- Collected data entries
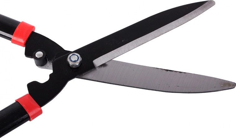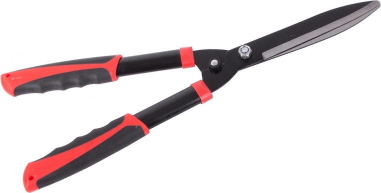 Praktische tuinhegschaar met lange metalen bladen voor het nauwkeurig vormgeven van hagen en sierstruiken. Dankzij het duurzame stalen snijblad en de ergonomische, antislip handgrepen biedt hij comfortabele bediening, een schone snede en betrouwbare prestaties bij het tuinonderhoud.
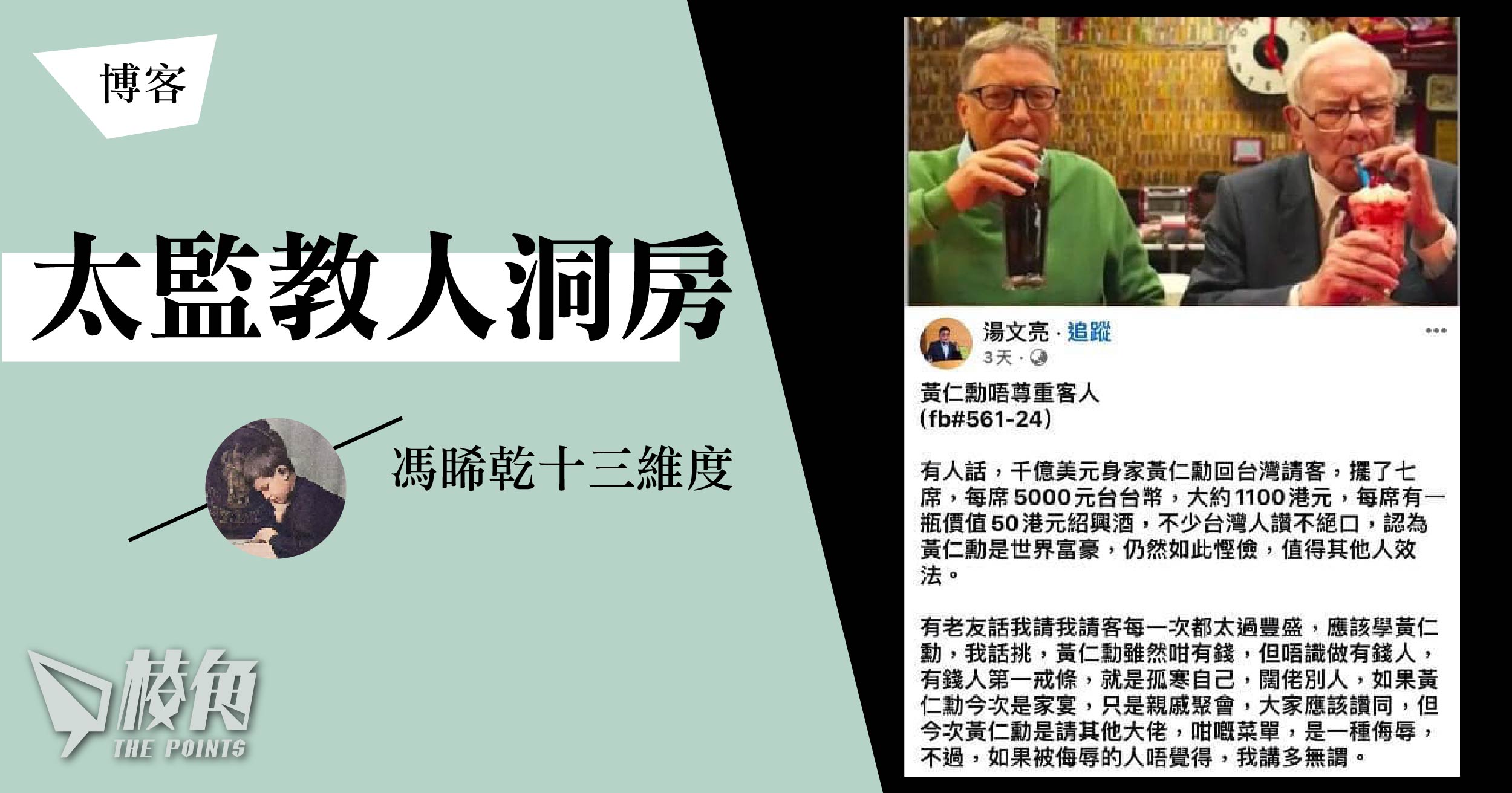 選擇到哪裏吃飯,一餐飯吃多少錢,是人家的自由,想不到香港有個所謂「作家」湯文亮,居然在社交媒體和報紙專欄大放厥詞,批評黃仁勳宴客太寒酸,「唔尊重客人」(粵語「唔」即是「不」)、「唔識做有錢人」云云(見附圖)。看到這種無知狂妄的評論,不禁駭笑。
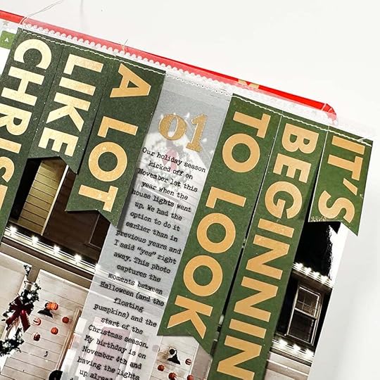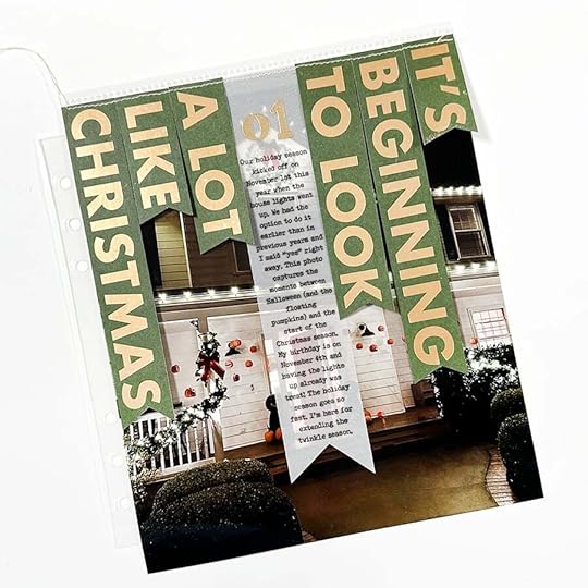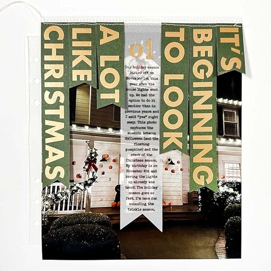 To start off my storytelling I printed out a full page photo of my house the night that we got our lights put up. This year is was extra early and we still had Halloween pumpkins hanging from the porch. I had set aside one of the pattern papers from Main Kit knowing that I wanted to figure out a way to include it in my 6x8 album. I've used a variety of the 10x8 papers in my foundation pages already and have enjoyed folding many of them to create flip outs. For this one I was interested in playing around with the idea of cutting up the phrase and orienting it vertically on the page in some way. Check out the video below to see how this came together and the decisions I made along the way.
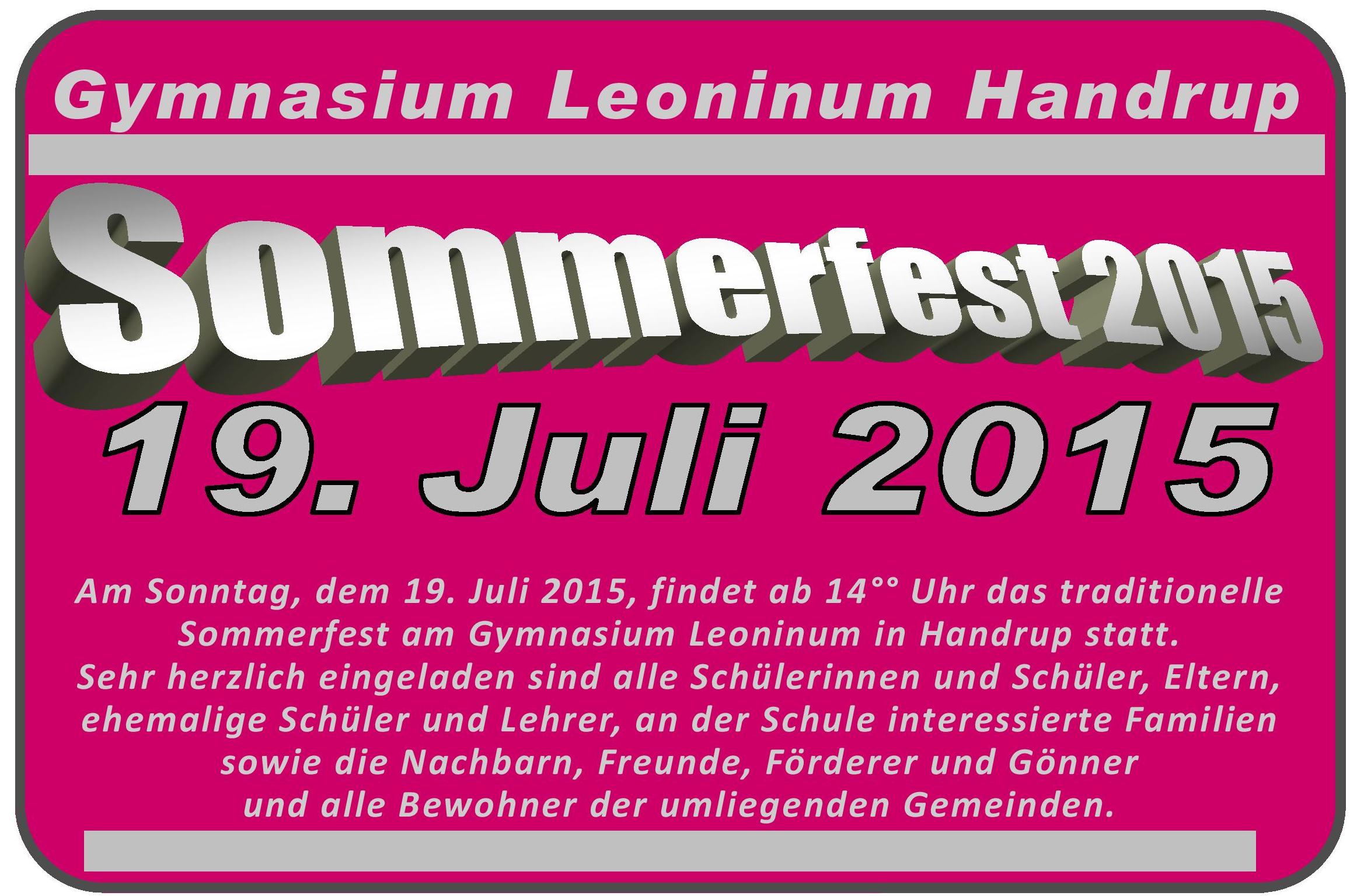 Am kommenden Sonntag ab 14°° Uhr: Traditionelles Sommerfest 14. Juni 2015 | Administrator | Kategorien: Vergangene Aktionen Handrup Leoninum Handrup Sommerfest
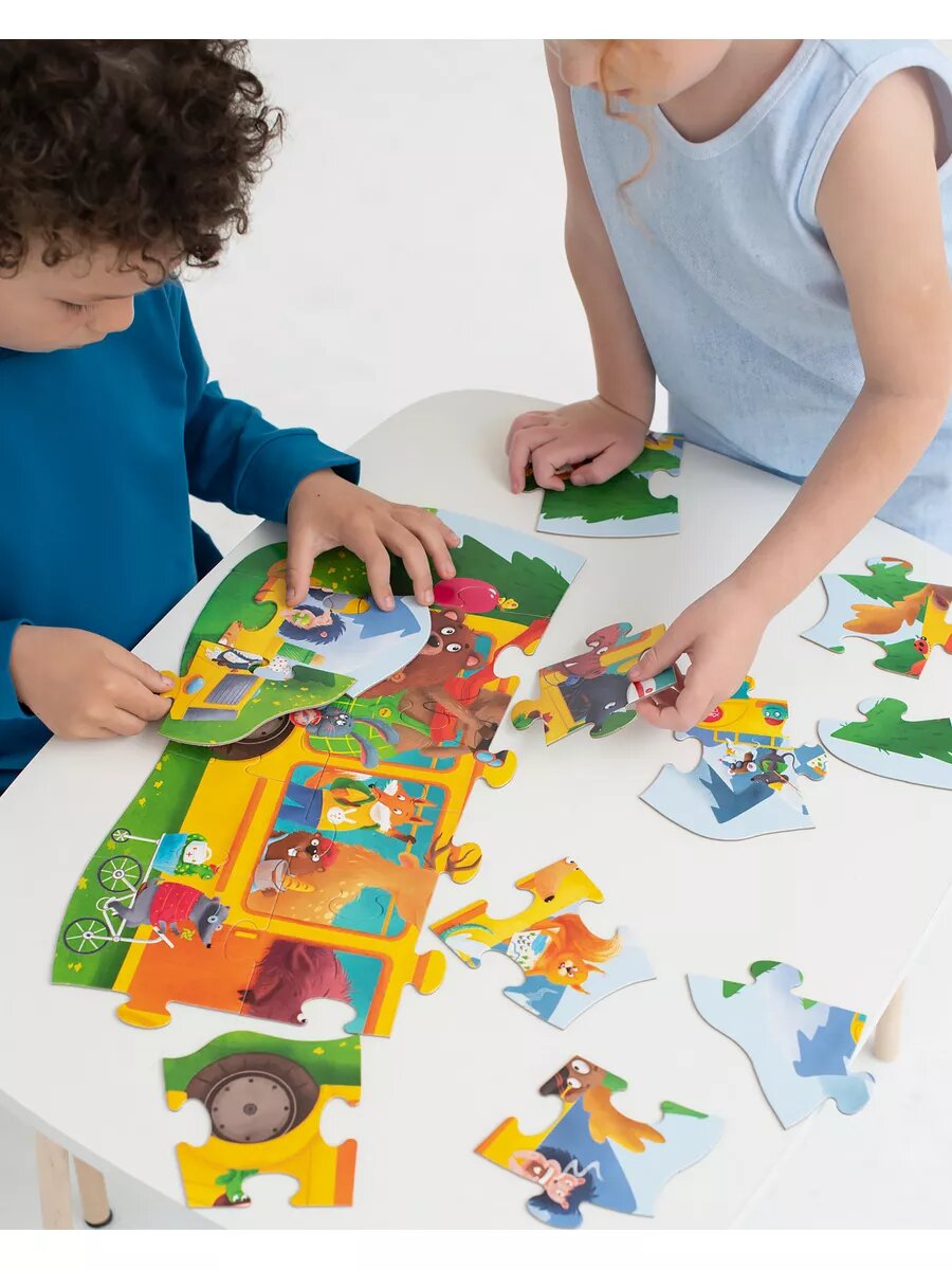 Пазлы для малышей развивающие Животные на автобусе интересное:
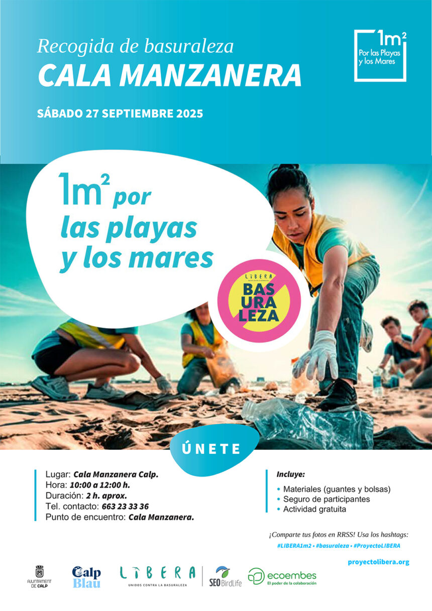 El próximo sábado 27 de septiembre, el Ayuntamiento de Calp se une a la campaña nacional “1m² por las playas y los mares” con una recogida de basuraleza en la Cala Manzanera. La iniciativa, enmarcada dentro del Proyecto LIBERA impulsado por SEO/BirdLife y Ecoembes, tiene como objetivo sensibilizar a la ciudadanía sobre el impacto de los residuos abandonados en los entornos naturales, especialmente en los espacios costeros.
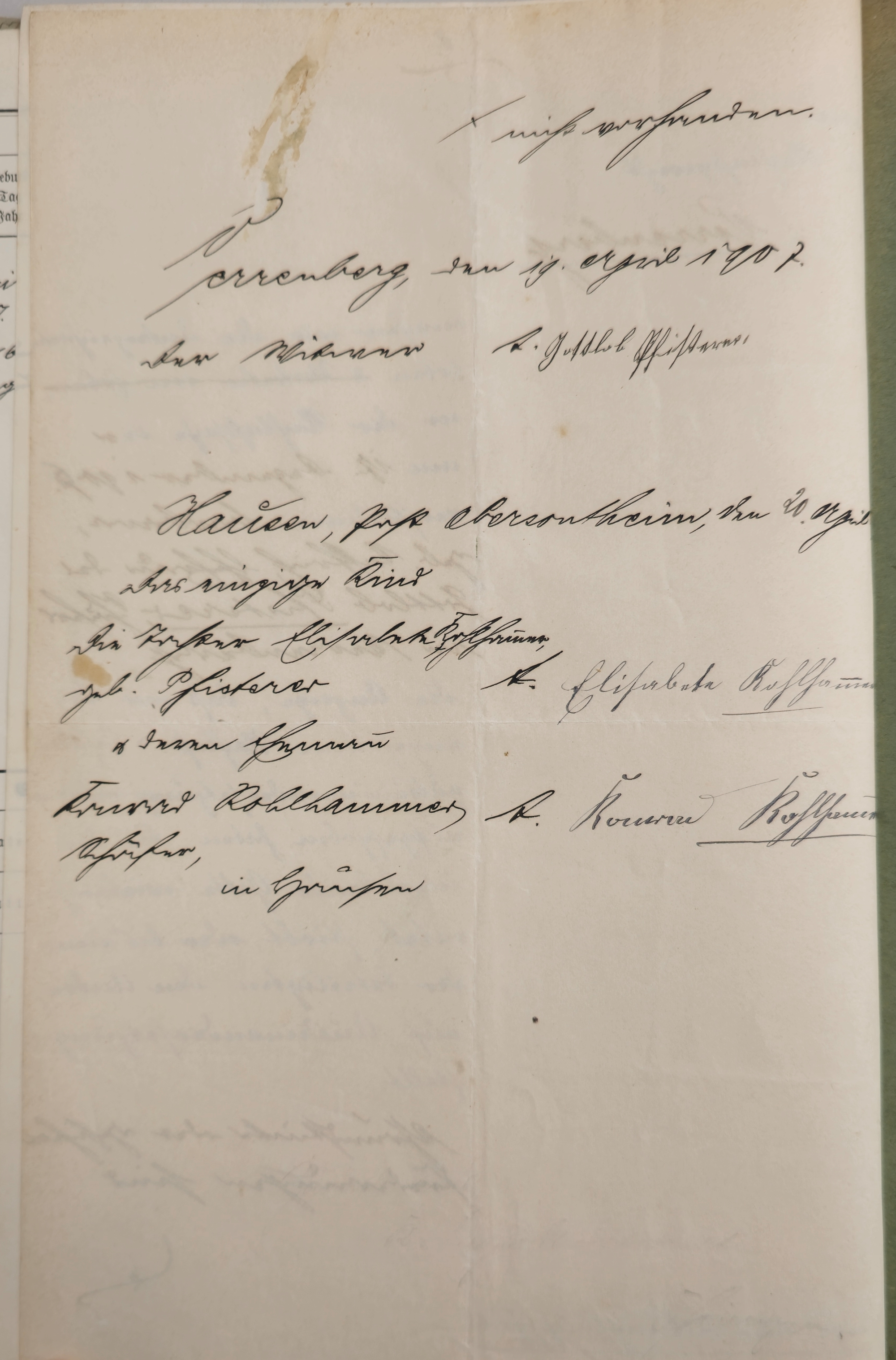 In diesem Dokument vom 23.03.1896 findet sich das folgende: Es gab drei Geburten in dieser Ehe, aber keines der Kinder wurde älter als einen Tag. Daher hatte er sich nun entschlossen das uneheliche Kind seiner Frau, Elisabeth Saffrich "... an Kinderstadt anzunehmen." Dazu wurde zwischen beiden ein Arrogations-Vertrag abgeschlossen. Sie bekommt alle Rechte eines ehelichen kindes an und übernimmt den Familiennamen Pfisterer |

- What you need to do
Please set down each line of the data above exactly as written, without the pictures.

- Solution
 Praktische tuinhegschaar met lange metalen bladen voor het nauwkeurig vormgeven van hagen en sierstruiken. Dankzij het duurzame stalen snijblad en de ergonomische, antislip handgrepen biedt hij comfortabele bediening, een schone snede en betrouwbare prestaties bij het tuinonderhoud.
 選擇到哪裏吃飯,一餐飯吃多少錢,是人家的自由,想不到香港有個所謂「作家」湯文亮,居然在社交媒體和報紙專欄大放厥詞,批評黃仁勳宴客太寒酸,「唔尊重客人」(粵語「唔」即是「不」)、「唔識做有錢人」云云(見附圖)。看到這種無知狂妄的評論,不禁駭笑。
 To start off my storytelling I printed out a full page photo of my house the night that we got our lights put up. This year is was extra early and we still had Halloween pumpkins hanging from the porch. I had set aside one of the pattern papers from Main Kit knowing that I wanted to figure out a way to include it in my 6x8 album. I've used a variety of the 10x8 papers in my foundation pages already and have enjoyed folding many of them to create flip outs. For this one I was interested in playing around with the idea of cutting up the phrase and orienting it vertically on the page in some way. Check out the video below to see how this came together and the decisions I made along the way.
 Am kommenden Sonntag ab 14°° Uhr: Traditionelles Sommerfest 14. Juni 2015 | Administrator | Kategorien: Vergangene Aktionen Handrup Leoninum Handrup Sommerfest
 Пазлы для малышей развивающие Животные на автобусе интересное:
 El próximo sábado 27 de septiembre, el Ayuntamiento de Calp se une a la campaña nacional “1m² por las playas y los mares” con una recogida de basuraleza en la Cala Manzanera. La iniciativa, enmarcada dentro del Proyecto LIBERA impulsado por SEO/BirdLife y Ecoembes, tiene como objetivo sensibilizar a la ciudadanía sobre el impacto de los residuos abandonados en los entornos naturales, especialmente en los espacios costeros.
 In diesem Dokument vom 23.03.1896 findet sich das folgende: Es gab drei Geburten in dieser Ehe, aber keines der Kinder wurde älter als einen Tag. Daher hatte er sich nun entschlossen das uneheliche Kind seiner Frau, Elisabeth Saffrich "... an Kinderstadt anzunehmen." Dazu wurde zwischen beiden ein Arrogations-Vertrag abgeschlossen. Sie bekommt alle Rechte eines ehelichen kindes an und übernimmt den Familiennamen Pfisterer |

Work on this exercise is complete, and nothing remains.